Cast your mind back to 1066 - the Norman conquest - the Norman barons took vast tracts of land & imposed serfdom on the population. The British became peasants working for foreigners.
Military might stayed with the barons & the RCC exerted religious control & demanded labour & tithes. A peasants' revolt was defeated - 1381.
The Reformation did not help the peasants - king Henry used his desire for a divorce to make himself head of the church, & as a result monasteries were destroyed, & their wealth & lands taken over by the king & various landowners - 1536-41. The peasants did not benefit - the monastries were major employers & the result was a generation of "sturdy beggars" fit to work but without land to work on.
The civil war - 1640-46 - broke the power of the king but again provided no benefit to the peasants who having fought on the parliament side wanted a share of the captured estates.

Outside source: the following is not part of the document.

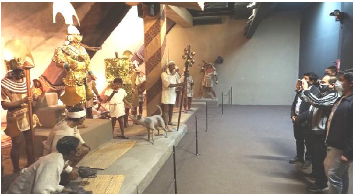
Figura 6. Reconstrucción del Señor de Sipán en Museo Tumbas Reales de Sipán.

The "Levellers" were driven off their attempts to squat & run communal farms. Many were pressed into the army & sent to Ireland to suppress the RCs there. The legacy of hatred continues today.
Protests took over the Irish lands & suppressed the RC population. Desperate famines -1845 - resulted in mass emigration to the US.
In England the various "enclosure acts" resulted in common land being taken over by the landowners for non-food purposes, leading to further poverty -
They hang the man & flog the woman
who steals the goose from off the common,
but leave the greater villain loose,
who steals the common from the goose.
Vast numbers of destitute peasants were transported as criminals to the colonies for minor offences such as "stealing" wild animals & birds from the landowners. Some industries were established, bringing peasants off the land into slum districts, weaving, spinning, mining, & the great industries - railways & & iron & steel. Soldiers & sailors were always needed, but such occupations were not secure.
By the late 1800s various political-socialist-liberal movements were set up to try to get a measure of stability - a powerful rallying cry was "Three acres & a cow" claiming that if the unproductive great estates were divided, there would be plenty for all. Otherwise if you couldn't work for any reason, only the workhouse was available. Elderly couples could not grow old together - men, women & children were separated.
Then came WW1, the inter war depression & WW2.
The popular post war vote went to the Labour party who with wise use of the limited resources were able to set up the National Health Service, free education, grants for university students, with tuition fees paid, with industries being nationalised, so profits were kept in the country & employment & funds from taxation were adequate for the national needs.
Even the Conservatives fought elections with the slogan "you've never had it so good."
Thatcher came to power - 1979 - & set about destroying all that had been achieved, selling off the country's assets. That is the cause of the present crisis. The post war redistribution of wealth has been reversed.